Разглагольствования сторон завершились. Гость, говоривший возвышенные слова, поднялся, осторожно ступая, пошел по ковру. За ним поднялись трое юношей, двинулись следом, держа в руках завернутые в шелк свертки. Старейшина-гость остановился перед хозяином дома, поклонился, повернулся к присутствующим. Молодые люди один за другим наклонялись, опускали на ковер подношения, сдергивали струящийся шелк. И под шелком открылись – деревянный ларец, весь усыпанный цветными каменьями, драгоценностями афганских гор. Нежно-синий и бледно-голубой лазурит, зеленая и черная яшма, медовые сердолики, млечно-златые агаты. Подарок излучал таинственную силу света, от которой бороды стариков засветились, а глаза молодых восхищенно взыграли. Под вторым лоскутом кожи оказался автомат – знакомый Суздальцеву «АКС», но деревянное ложе, цевье и приклад были инкрустированы перламутром, серебром, золотыми узорами, и оружие выглядело, как царский подарок, чтобы служить не в бою, а украшать самую дорогую гостиную. Старик, которому был сделан подарок, не удержался и провел по автомату рукой с нежностью, с какой гладят по голове ребенка.

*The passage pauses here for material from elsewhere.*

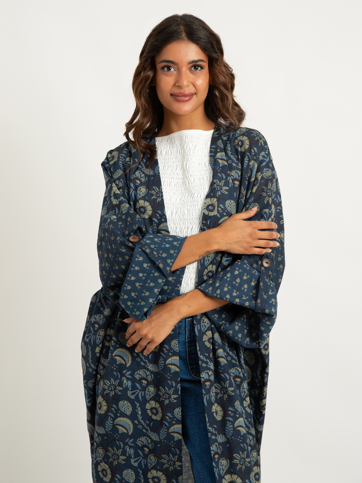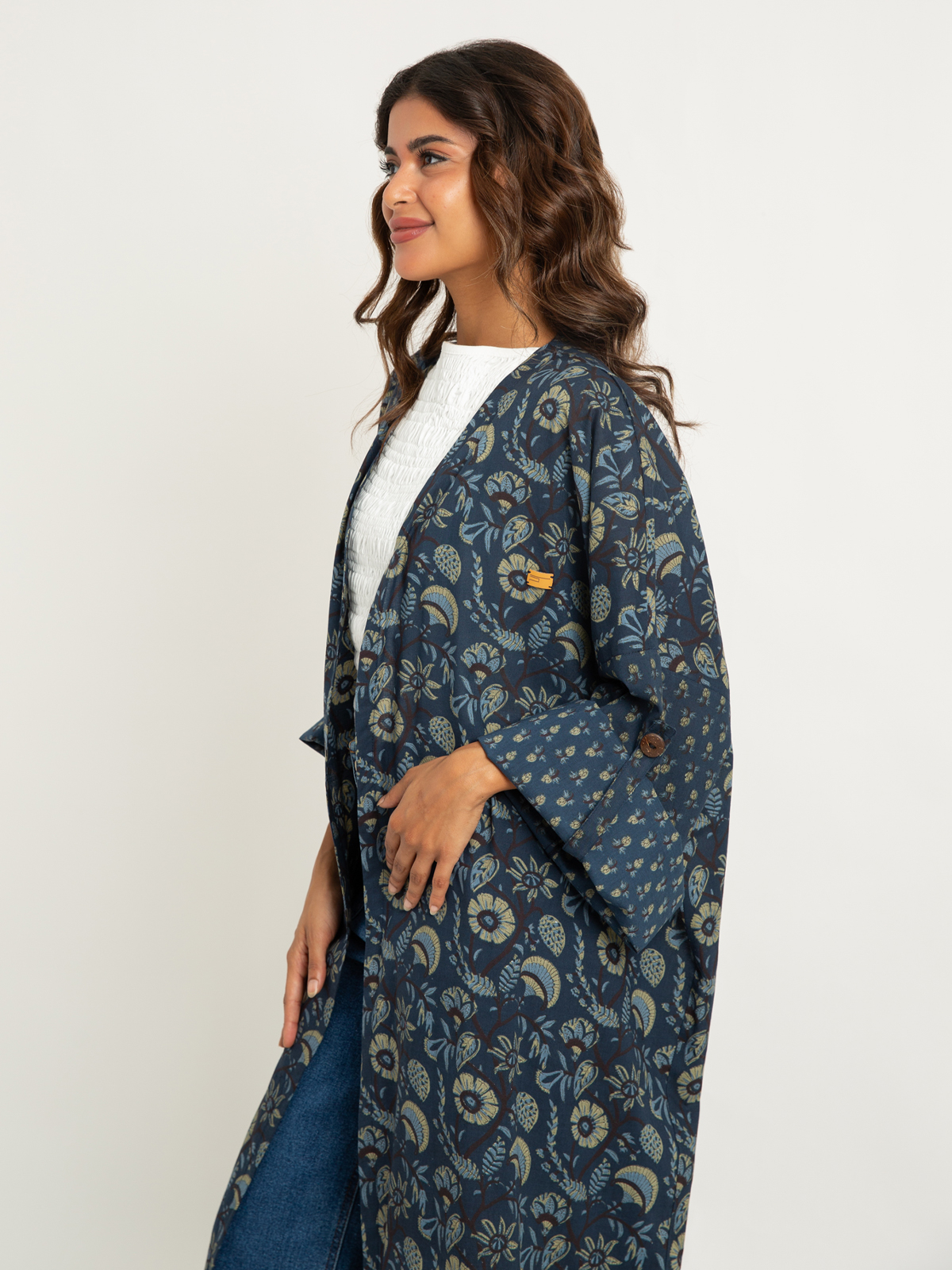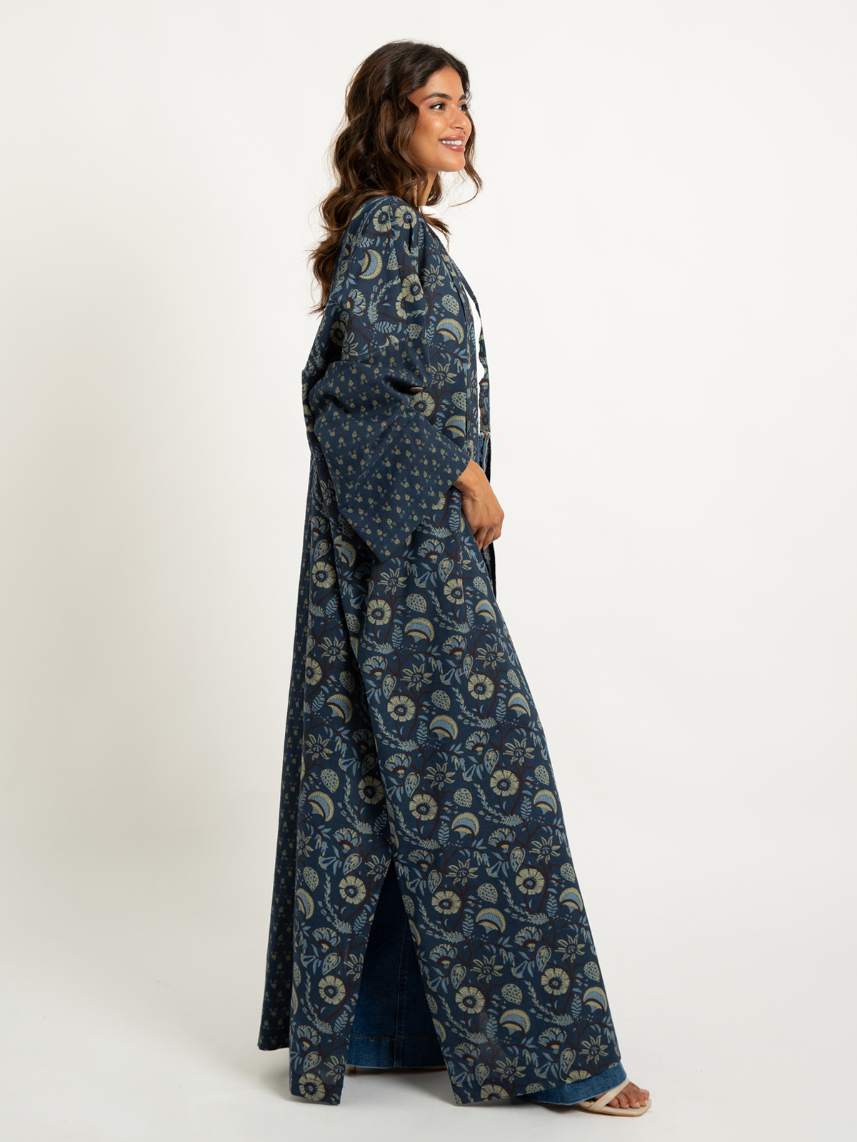 Long Wide-fit Open Abaya in Printed Cotton Fabric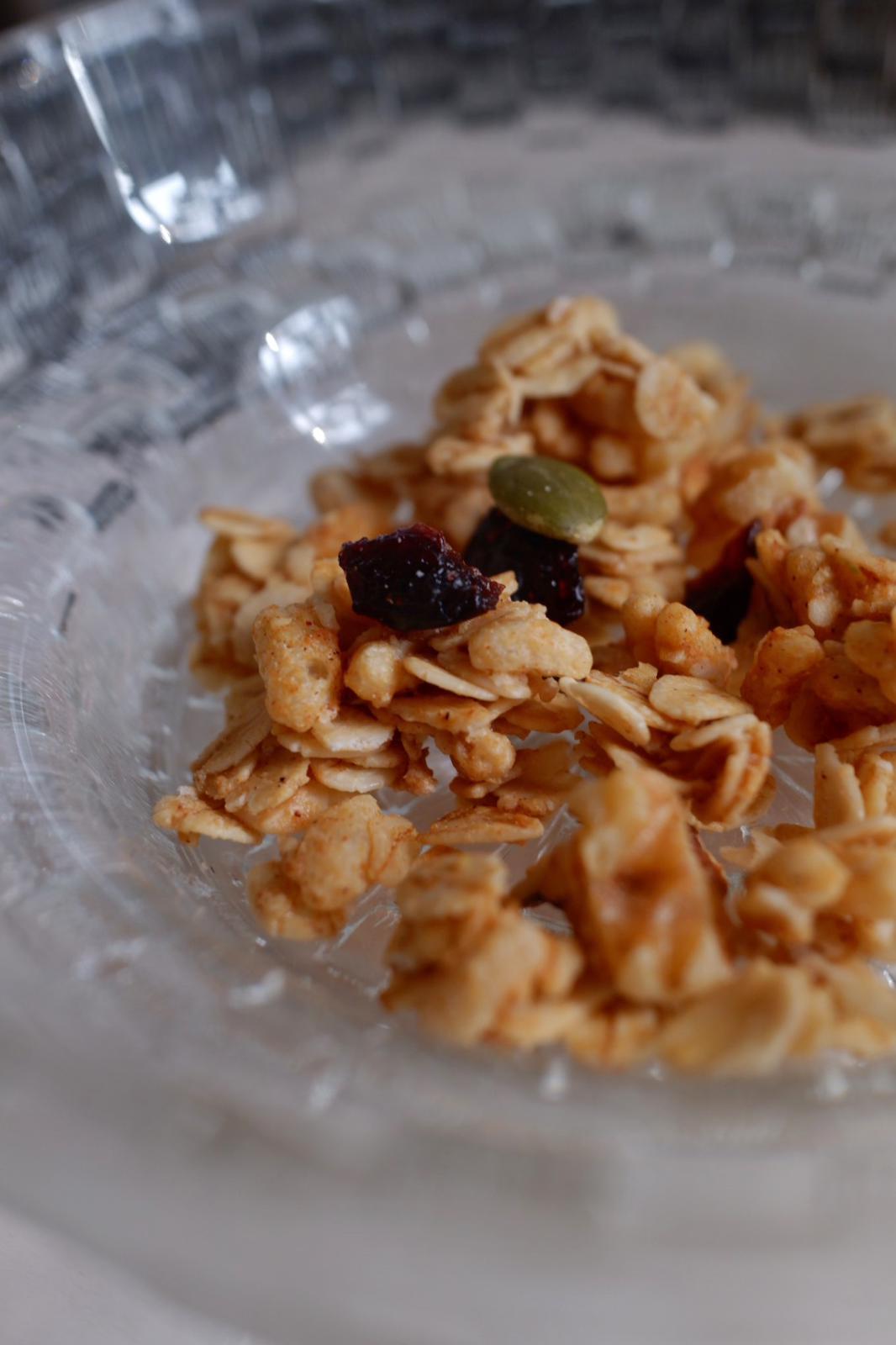 入口會嚐到淡淡香蕉的香味,配搭南瓜籽、脆米等等,口感鬆脆,還加入酸酸甜甜的紅莓乾減低飽膩感,推介配搭乳酪食用。

Когда был совлечен третий шелковый плат, открылась ваза дивной синевы, мерцающая зеленой лазурью, полная светоносного синего воздуха, изделие гератского мастера. И Суздальцев в изумлении ахнул, вспомнив мастерскую в Герате, расплавленный тигель, Стеклодува, извлекающего из пламени ослепительную звезду, которую наполнял своим дыханием, и целовал, играл, как на флейте, и звезда остывала, наполнялась божественной синью и теперь была явлена ему в кишлаке, как знамение высшей красоты. И он вдруг понял, что творимое перед его глазами действие – плод фантазии Стеклодува. Он подал ему об этом знак, явив голубую вазу. Это он, Стеклодув, был режиссером спектакля, в котором Суздальцева вначале истязали и мучили, готовя неизбежную казнь, потом показали таинство встречи двух родов, и эту волшебную вазу. Стеклодув что-то желал от него, к чему-то побуждал, чему-то хотел научить. Был режиссером, учителем, мудрым небесным наставником.
Ковры вновь опустели, гости отошли и расселись. Переливался, мерцал ларец, автомат сиял, как павлинье перо, ваза мерцала, почерпнув из небес лазури.

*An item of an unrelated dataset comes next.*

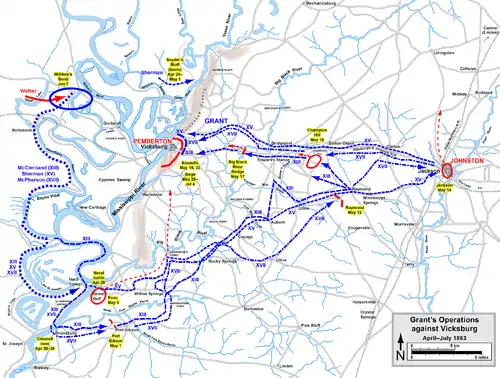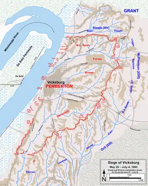 - Unionshæren nærmede sig Vicksburg og indesluttede Pembertons styrke. Grant forsøgte to angreb for at bryde gennem de stærke konfødererede skanser: den 19. og den 22. maj. Det sidste angreb havde nogen fremgang i starten i McClernands sektor, men blev slået tilbage med et tab på 3.200 mand. Johnston gav Pemberton ordre til at evakuere byen og redde sin hær, men Pemberton mente at det var umuligt at trække sig sikkert tilbage. Johnston planlagde at angribe Grant og undsætte Pemberton, men kunne ikke arrangere det i tide. Grant belejrede den konfødererede armé. Den 4. juli, efter seks uger hvor soldater og civile i Vicksburg var uden forsyninger og konstant udsat for artilleribeskydning, overgav Pemberton byen og sin hær.[17]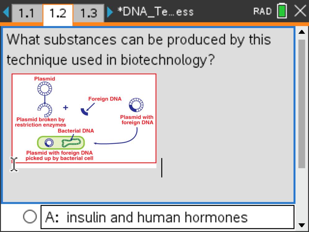 The DNA_Technology_Assess.tns file contains questions associated with activities in this topic, but may contain additional related materials not specifically covered. This file is provided in Exam mode. If you wish to use them as a self-check or review, this property can be changed under Question Properties in the TI-Nspire Teacher software prior to providing the file to students.

Суздальцев жадно смотрел в щель, ожидая новых для себя наставлений, стремясь проникнуть в замысел Режиссера.
Из-за спин стариков, осторожно огибая подушки, тюрбаны и бороды, из среды гостей вышел молодой человек. Он прошествовал на серединку ковра и поклонился хозяину. Он был строен, прекрасен лицом, гончарно-красным и мужественным. Его черные блестящие брови двигались, под ними сияли глаза, большие, темно-сиреневые, с голубыми белками. Они дрожали, переливались нетерпением, страстью, надеждой, страхом разочарования и поражения. Он был, как молодой воин, впервые идущий в поход. Сквозь расшитую бисером безрукавку виднелась сильная грудь. Вольные шаровары не скрывали стройных мускулистых ног. Небольшая бородка и тень от усов выделяли свежие пунцовые губы. Это был жених, и воин, и танцор, которого призвал Стеклодув на ковры и поставил перед Суздальцевым для загадочных своих назиданий.

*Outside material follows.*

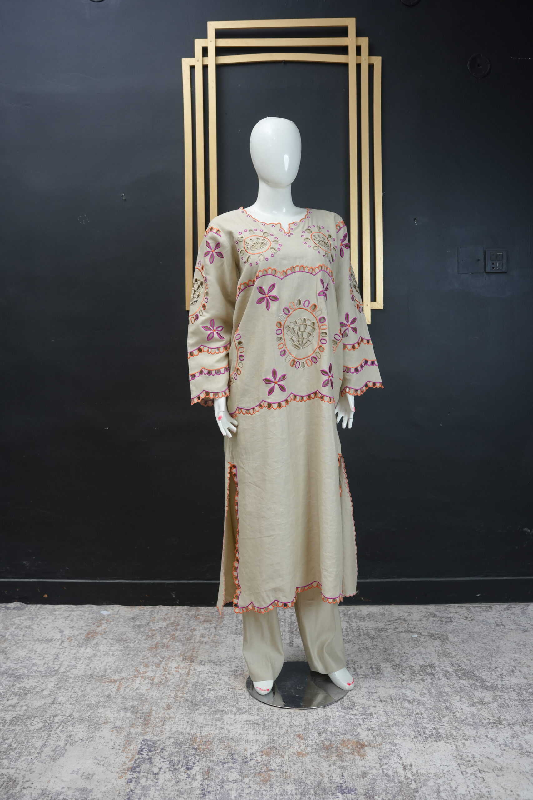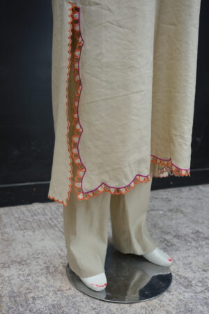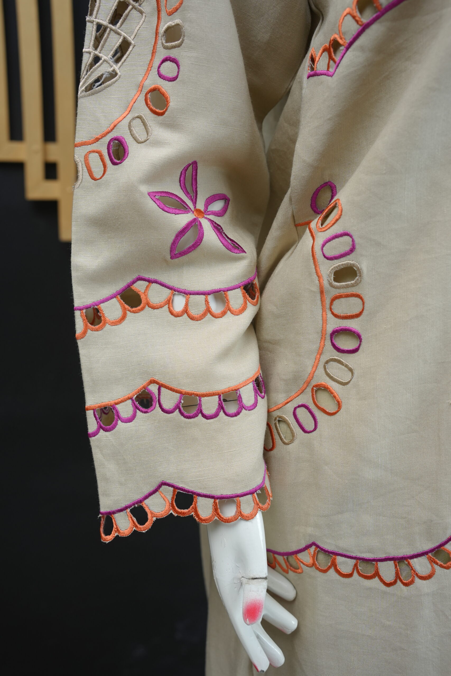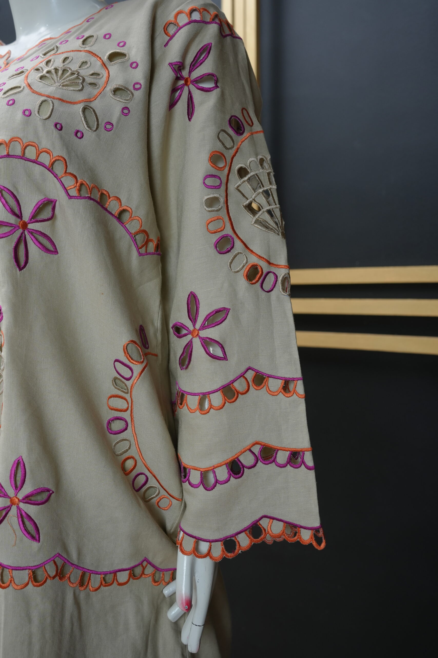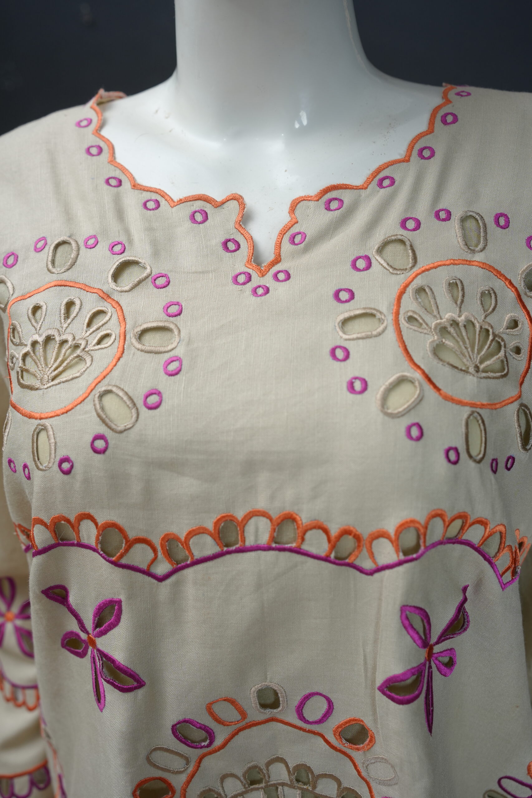 Soft Beige – A beautifully detailed long shirt in premium Irish Cotton — light, breathable, and comfortable for everyday elegance. The soft beige base is enhanced with delicate embroidery and Schiffli cutwork motifs, creating a graceful artisanal look without being loud.

Навстречу жениху, с противоположной половины двора, появились три женщины, все в паранджах, темно-зеленой, фиолетовой, голубой. Были похожи на цветы с плотными круглыми головками, от которых ниспадали струящиеся лепестки. Их лица и тела скрывали вьющиеся покровы, но тонкие легкие щиколотки той, что шла в середине, порывы ее тонкого стройного тела выдавали в ней девушку. Все трое встали пред женихом. Между ними шел тихий разговор. Женщины, сопровождавшие девушку, наклонились, подхватили край ее паранджи и стали медленно ее совлекать. Так уходит тень, уступая солнцу, с весеннего цветущего дерева. А паранджа слетала, и открывалось розовое платье, голубая легкая блузка и чудесное, горящее от смущенья, от счастья лицо, смугло-румяное, продолговатое, с черно-синими длинными волосами. Брови были тонкие, словно наведенные легкой кистью. Глаза большие, удлиненные, как у ланей на миниатюрах Шахнаме. Она вся трепетала, ликовала, глядя на жениха, и дрожала от страха, была готова упасть. Женщины в паранджах отступили, и двое, жених и невеста, остались вдвоем на коврах, боялись смотреть друг на друга, пугались своей внезапной близости, и все, кто сидел на подушках, тихо вздыхали, кивали тюрбанами, шевелили бородами, созерцая, как два рода, два семейных клана роднятся, укрепляются, прирастают друг к другу. Жених взял невесту за руку, бережно, за кончики пальцев. Повернулся к своей родне, и они вдвоем поклонились. Повернулся к родне невесты, и отвесили такой же поклон. Касаясь друг друга кончиками пальцев, стояли прекрасные и целомудренные.
Суздальцев смотрел с восхищением. Его измученная, готовая к смерти душа воскресала. Он мысленно целовал вокруг них воздух, как тогда, в Герате, над кустом дивных роз. Благоговел, умилялся, окружал их своим обожанием, был исполнен любви. Он, израненный узник, враг этих кишлаков и степей, наславший на них самолеты, грохочущие танки и пушки, ведущий на штурм городов полки чужеземцев, теперь сберегал их своей любовью, своей бессловесной молитвой.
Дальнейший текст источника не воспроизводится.